Par un mémoire en défense, enregistré le 3 novembre 2025, le ministre de l’intérieur conclut au rejet de la requête.
Il soutient que :
- la condition d’urgence n’est pas remplie ;
- aucun des moyens soulevés n’est propre à créer un doute sérieux quant à la légalité de la décision attaquée.
Vu :
- les pièces du dossier ;
- la requête en annulation des décisions attaquées.
Vu :
- la convention européenne de sauvegarde des droits de l’homme et des libertés fondamentales ;
-la convention internationale relative aux droits de l’enfant ;
- le code de l’entrée et du séjour des étrangers et du droit d’asile ;
- le code civil ;
- le code de justice administrative.
Le président du tribunal a désigné M. Marowski, premier conseiller, pour statuer sur les demandes de référé en application de l’article L. 511-2 du code de justice administrative.
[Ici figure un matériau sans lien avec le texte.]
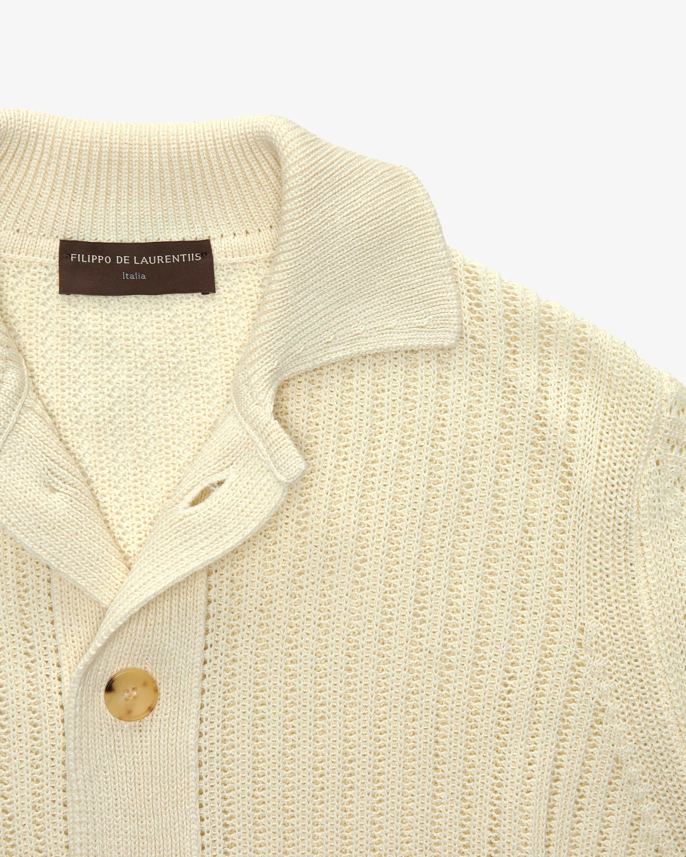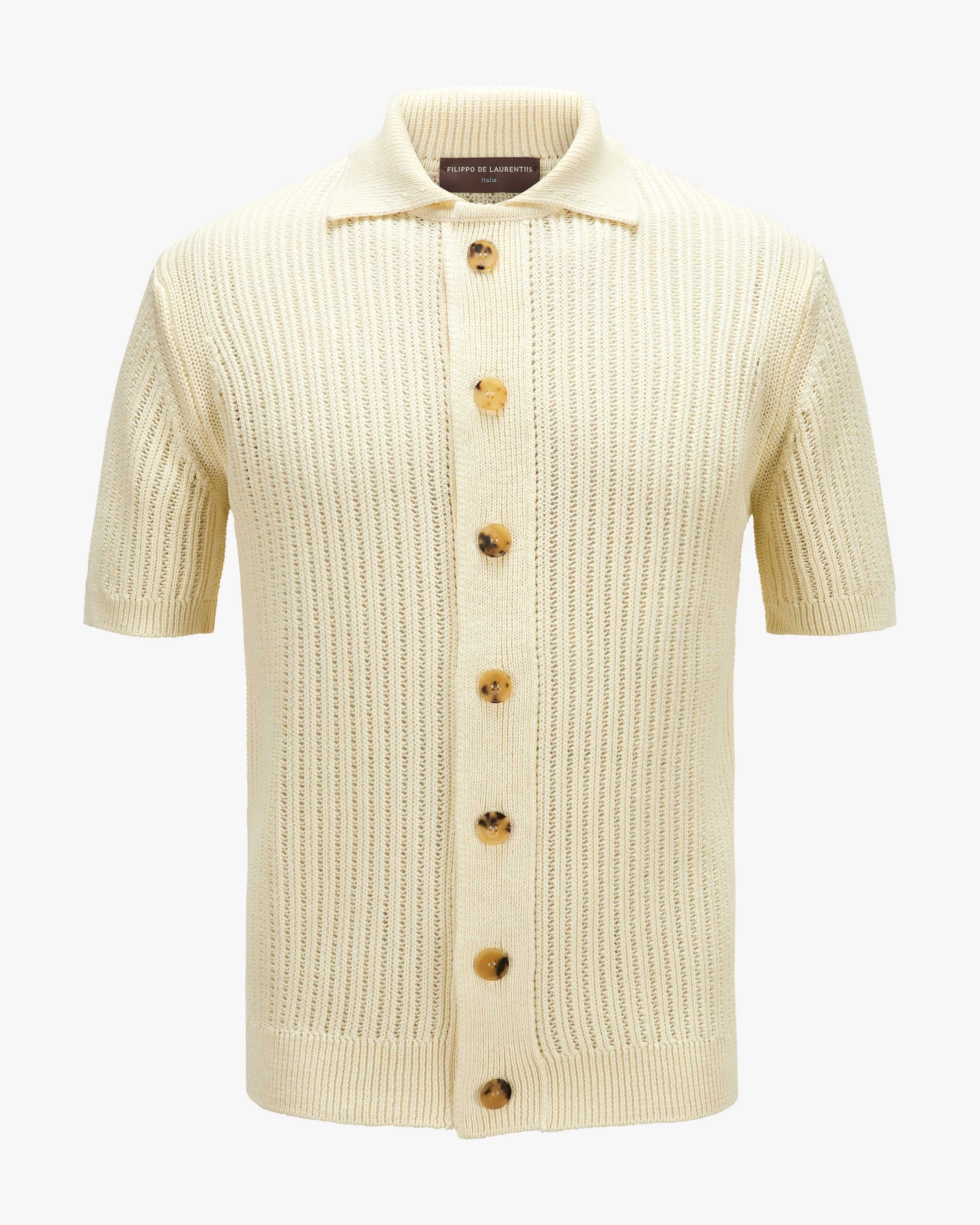 Strickhemd für Herren von Filippo de Laurentiis in Off-White. Das Modell präsentiert sich dank des Lochstrickmusters in modischer Aufmachung, während die klassische Schnittführung einen zeitlosen Begleiter mit vielseitigen Kombinationsmöglichkeiten schafft.
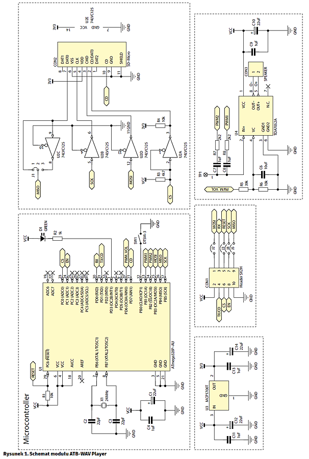 Jak widać ze schematu na rys. 1, sama aplikacja mikrokontrolera jest nieskomplikowana. Poza zapewnieniem poprawnej filtracji zawiera ona połączenia umożliwiające obsługę karty SD za pomocą SPI, jeden przycisk oraz steruje wzmocnieniem układu TDA7052A. Regulacja odbywa się za pomocą PWM. Sygnał dźwiękowy jest również generowany za pomocą wyjść PWM. Zwrócę uwagę, że wyjścia 16-bitowych sygnałów PWM OC1A oraz OC1B są zmiksowane do jednego wejścia wzmacniacza za pomocą kondensatorów C7, C8 oraz rezystorów R7, R8. Zapewnia to poprawne odtwarzanie również stereofonicznych plików dźwiękowych, przy czym oba kanały są prawidłowo zmiksowane do pojedynczego monofonicznego wyjścia wzmacniacza audio. Na istotną uwagę zasługuje fakt, że do wzmacniacza można podłączyć jedynie głośniki o rezystancji mniejszej od 32 V. To bardzo ważne z uwagi na możliwość uszkodzenia układu TDA7052A. Poza tym, do mikrokontrolera jest dołączona tylko jedna dioda LED sygnalizująca różne stany pracy modułu w zależności od tego, w jakim trybie aktualnie on pracuje.

Les parties ont été régulièrement averties du jour de l’audience.
Ont été entendus au cours de l’audience publique du 5 novembre 2025 à 9H30 :
- le rapport de M. Marowski, juge des référés,
- les observations de Me Maite, substituant Me Madrid, avocate de M. G… C… et Mme E… D…, en présence de M. G… C… ;
- et les observations de la représentante du ministre de l’intérieur.
La clôture de l’instruction a été prononcée à l’issue de l’audience.
Considérant ce qui suit :
Sur les conclusions présentées au titre de l’article L. 521-1 du code de justice administrative :
Aux termes de l’article L. 521-1 du code de justice administrative : « Quand une décision administrative, même de rejet, fait l’objet d’une requête en annulation ou en réformation, le juge des référés, saisi d’une demande en ce sens, peut ordonner la suspension de l’exécution de cette décision, ou de certains de ses effets, lorsque l’urgence le justifie et qu’il est fait état d’un moyen propre à créer, en l’état de l’instruction, un doute sérieux quant à la légalité de la décision (…) ».
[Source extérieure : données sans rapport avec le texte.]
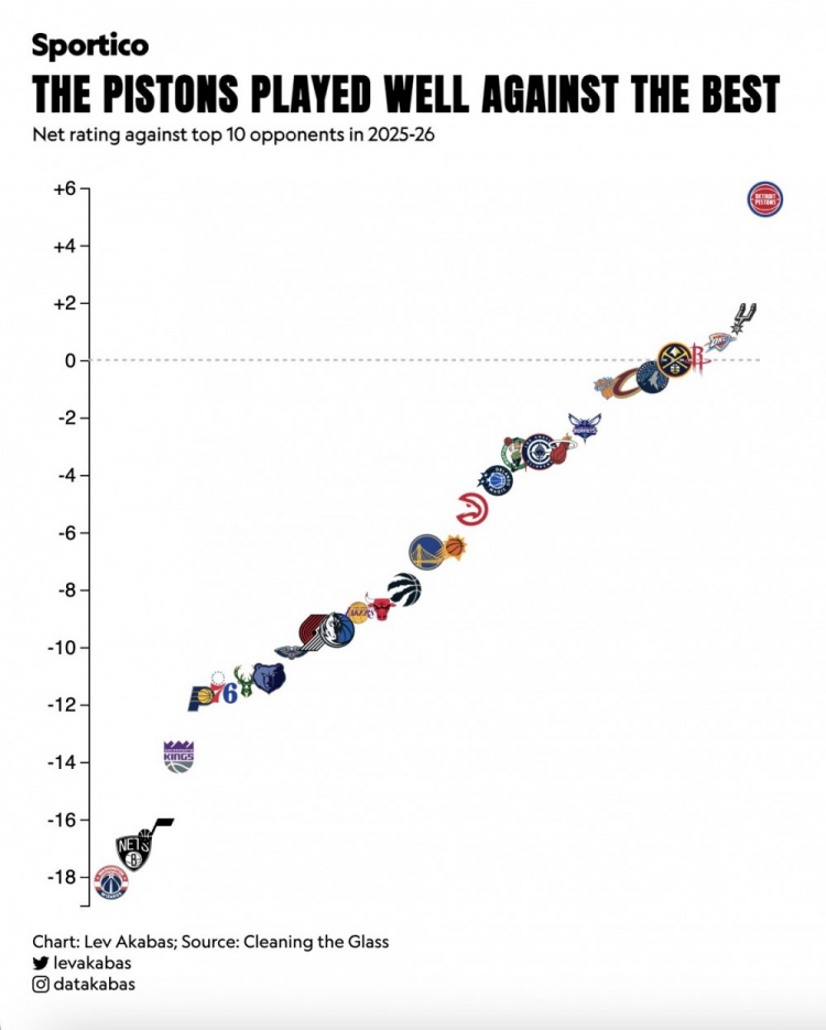 澳门十大赌城 活塞本赛季靠近战绩前10球队17胜7负!净恶果值+5.6断层领跑
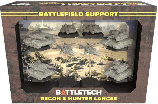 Battlefield Support Recon & Hunter The BattleTech Battlefield Support: Recon & Hunter is a collection of eight plastic miniatures for use in the classic BattleTech tabletop and Alpha Strike games. The box also provides eight dry-erase cards, which are intended to directly support Alpha Strike gameplay, and eight battlefield support Cards. Contains Eight plastic miniatures:2 Wheeled Scout Tank Skulker2 Attack Helicopter Warrior2 Heavy Tank Behemoth2 Heavy Tank Ontos Miniatures are supplied unpainted. Minimal assembly may be required.

Aucun des moyens invoqués par M. G… C… et Mme E… D…, tels qu’énoncés dans les visas de cette ordonnance, ne paraît, en l’état de l’instruction, de nature à faire naître un doute sérieux quant à la légalité des décisions implicites par lesquelles la commission de recours contre les décisions de refus de visa d’entrée en France a rejeté les recours administratifs exercés par les requérants à l’encontre des décisions de l’ambassade de France à Addis-Abeba du 4 décembre 2024 refusant à Mme E… D… et au jeune F… B… C… des visas de long séjour au titre de la réunification familiale. Il y a lieu, en conséquence, et sans qu’il soit besoin de se prononcer sur la condition d’urgence, de rejeter la requête en toutes ses conclusions.
O R D O N N E :
Article 1er : La requête de M. G… C… et Mme E… D… est rejetée.
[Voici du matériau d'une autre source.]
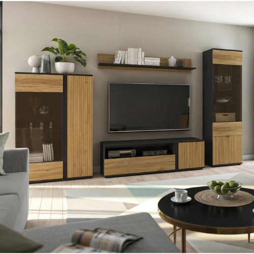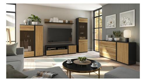 Ha olyan bútordarabokat keresel, melyek karaktert adnak, felhívják magukra a figyelmet és a legújabb lakberendezési trendekben is megállják a helyüket, akkor jó helyen jársz. A Luen elemes bútorcsalád fekete korpusza kiemelkedik a térből, a tegola tölgy és a mauvella tölgy színek remekül tompítják a fekete "komorságát". A vitrines elemekhez LED világítás is rendelhető, mellyel kellemes, meleg hangulatot kelthetünk a helyiségben. A fekete fém fogantyúk jól passzolnak a fekete korpuszhoz. Az ajtókon a 3D hatású léces megjelenés extra kinézetet biztosít az elemeknek.
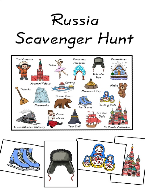 Russia Scavenger Hunt. We always like to do a scavenger hunt when learning about a new country. This is the scavenger hunt we put together for the country of Russia.
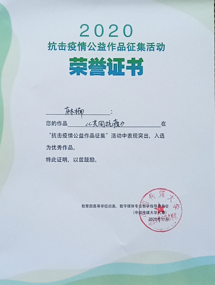 近日,教育部高等学校动画、数字媒体教学指导委员会发布了《抗击疫情公益作品征集活动百部优秀作品名单》,由我校传媒学院教师刘潇颖指导、数字媒体艺术专业学生麻楠创作的《共同抗疫》荣获优秀作品奖。
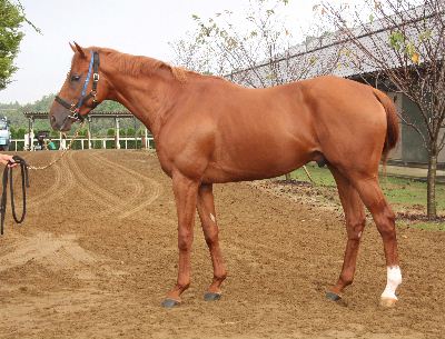 9/11(木)に茨城県・潮来のミッドウェイファームを退厩、9/12(金)に函館競馬場へ入厩の予定です。ウォーキングマシンを40分、角馬場にてハッキングを15分、坂路をキャンターにて2本消化しています。
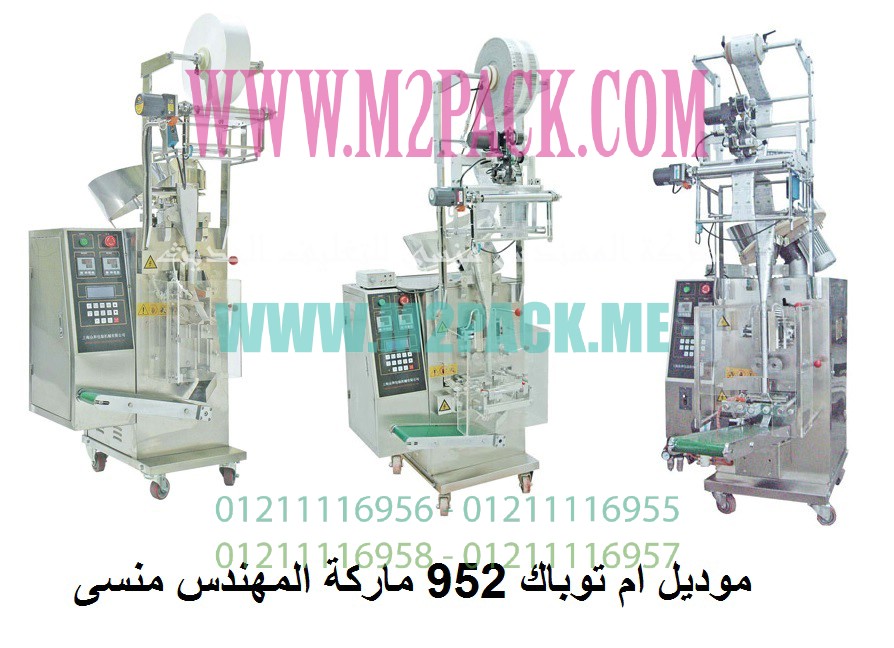 المعايير الفنية والتقنيات الهندسية لماكينة تعبئة وتغليف البودر شديد النعومه مثل النشا و الدقيق و البن الآتوماتيكية ذات اللحام من الظهر موديل ام تو باك 952 ماركة المهندس منسي :

Article 2 : La présente ordonnance sera notifiée à M. B… G… C…, à Mme A… E… D… et au ministre de l’intérieur.
Fait à Nantes, le 20 novembre 2025.
Le juge des référés,
Y. MAROWSKI
La greffière,
J. DIONIS
La République mande et ordonne au ministre de l’intérieur en ce qui le concerne ou à tous commissaires de justice à ce requis en ce qui concerne les voies de droit commun contre les parties privées, de pourvoir à l’exécution de la présente décision.